Fredman proposed in 1976 the following algorithmic problem: Given are a ground set $X$, some partial order $P$ over $X$, and some comparison oracle $O_L$ that specifies a linear order $L$ over $X$ that extends $P$. A query to $O_L$ has as input distinct $x, x' \in X$ and outputs whether $x <_L x'$ or vice versa. If we denote by $e(P)$ the number of linear extensions of $P$, then $\log e(P)$ is a worst-case lower bound on the number of queries needed to output the sorted order of $X$. Fredman did not specify in what form the partial order is given.
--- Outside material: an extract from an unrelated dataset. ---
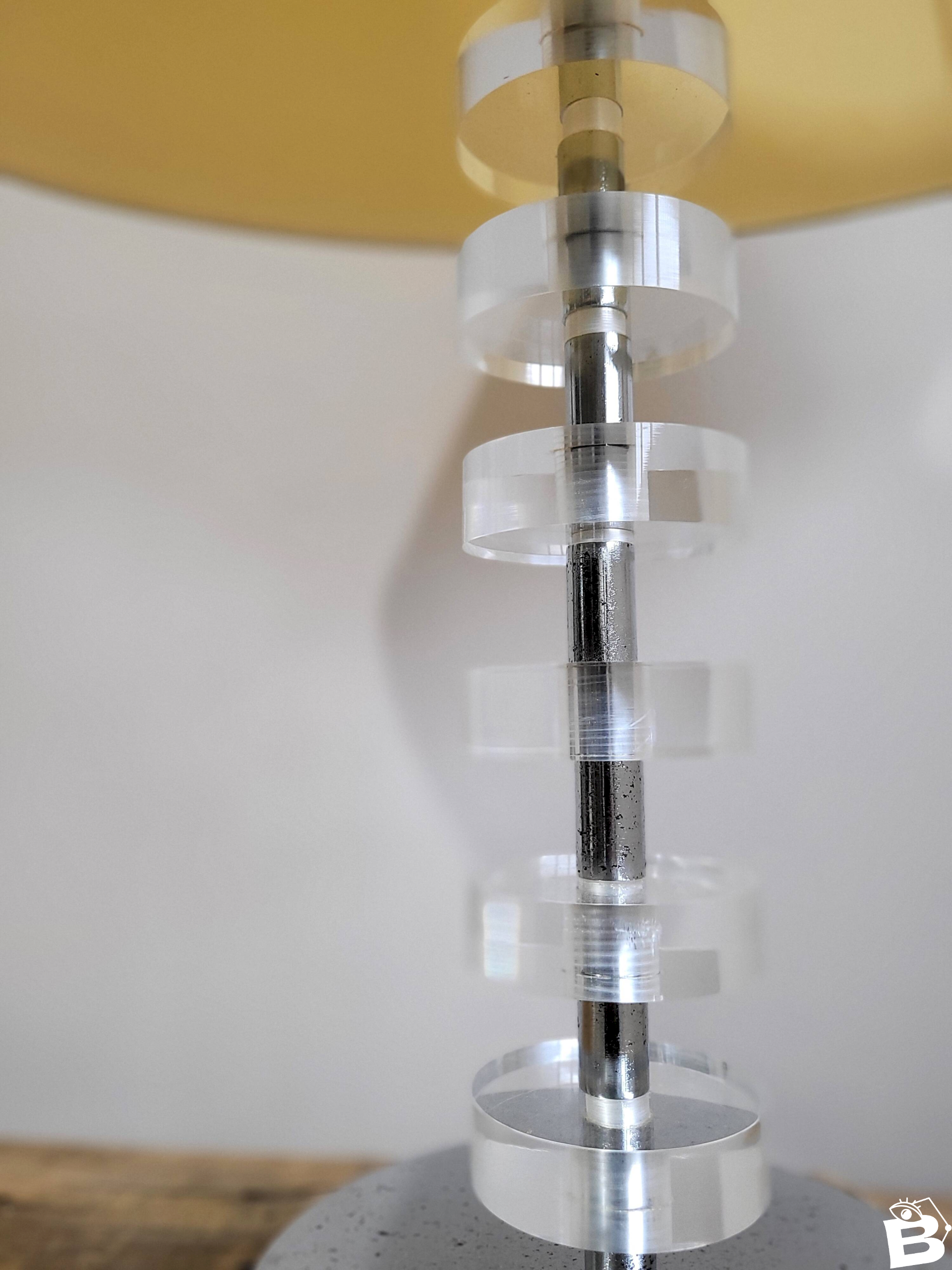 Lampe vintage chrome et plexiglas couleur ambre design Raak circa 70
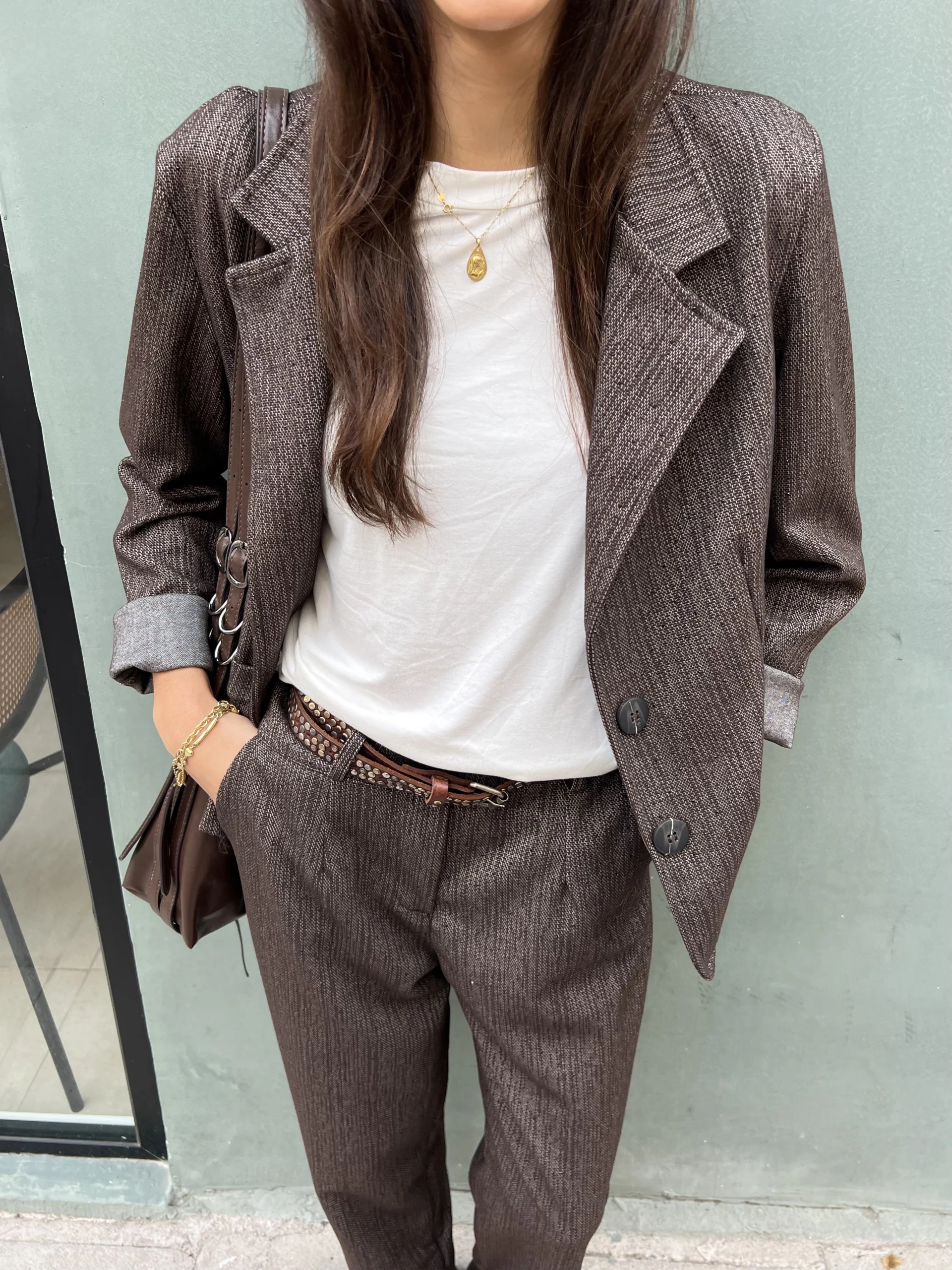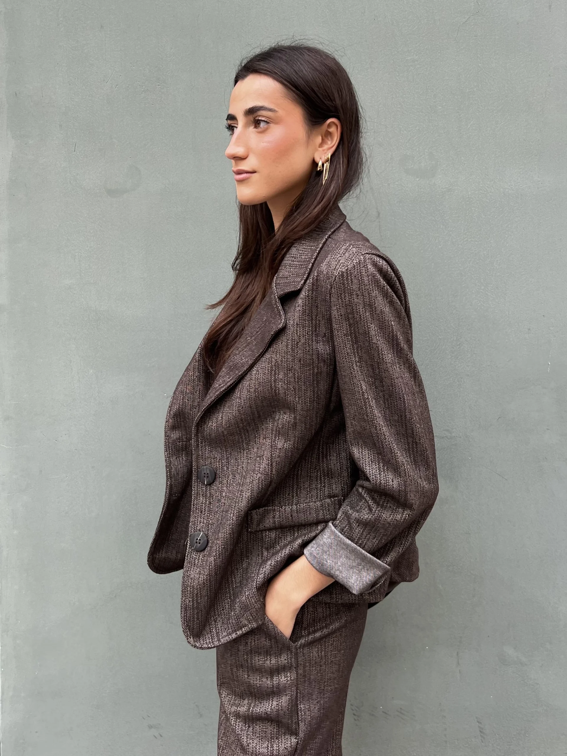 Chaqueta de traje en tejido con brillo satinado color moka. Cuello solapa y cierre delantero con dos botones. Mangas con ligera amplitud y vuelta en el puño. Forro interior parcial para mayor comodidad.

Haeupler, Hlad\'ik, Iacono, Rozhon, Tarjan, and T\v{e}tek ('24) propose to assume as input a directed acyclic graph, $G$, with $m$ edges and $n=|X|$ vertices. Denote by $P_G$ the partial order induced by $G$. Algorithmic performance is measured in running time and the number of queries used, where they use $\Theta(m + n + \log e(P_G))$ time and $\Theta(\log e(P_G))$ queries to output $X$ in its sorted order. Their algorithm is worst-case optimal in terms of running time and queries, both. Their algorithm combines topological sorting with heapsort, and uses sophisticated data structures (including a recent type of heap with a working-set bound). Their analysis relies upon sophisticated counting arguments using entropy, recursively defined sets defined over the run of their algorithm, and vertices in the graph that they identify as bottlenecks for sorting. In this paper, we do away with sophistication. We show that when the input is a directed acyclic graph then the problem admits a simple solution using $\Theta(m + n + \log e(P_G))$ time and $\Theta(\log e(P_G))$ queries. Especially our proofs are much simpler as we avoid the usage of advanced charging arguments and data structures, and instead rely upon two brief observations.

查看原文本刊更多论文

从有向无环图进行更简单的优化排序

弗雷德曼在 1976 年提出了以下算法问题：给定有一个集合 $X$、一些关于 $X$ 的部分秩 $P$，以及一些比较甲骨文$O_L$，其中指定了一个关于 $X$ 的线性秩 $L$，该秩扩展了 $P$。对$O_L$的查询输入X$中不同的$x, x'，输出$x <_L x'$或反之。如果我们用$e(P)$表示$P$的线性扩展的数量，那么$\log e(P)$就是输出$X$的排序顺序所需的查询次数的最坏情况下的下限。弗雷德曼没有说明部分秩是以何种形式给出的。Haeupler、Hlad\'ik 、Iacono、Rozhon、Tarjan 和 T\v{e}tek （'24）提议假设输入的是一个有向无环图 $G$，该图有 $m$ 边和 $n=|X|$ 顶点。算法性能用运行时间和使用的查询次数来衡量，其中他们使用了$heta(m + n + \log e(P_G))$时间和$\theta(\log e(P_G))$查询来按排序输出$X$。就运行时间和查询次数而言，他们的算法在最坏情况下都是最优的。他们的算法结合了拓扑排序和堆排序，并使用了复杂的数据结构（包括一种具有工作集约束的最新堆类型）。他们的分析依赖于使用熵的复杂计数论据、算法运行过程中定义的递归集，以及他们确定为排序瓶颈的图中顶点。在本文中，我们摒弃了复杂性。我们证明，当输入是一个有向无环图时，这个问题可以用$\θ(m + n + \log e(P_G))$时间和$\θ(\log e(P_G))$查询得到简单的解决。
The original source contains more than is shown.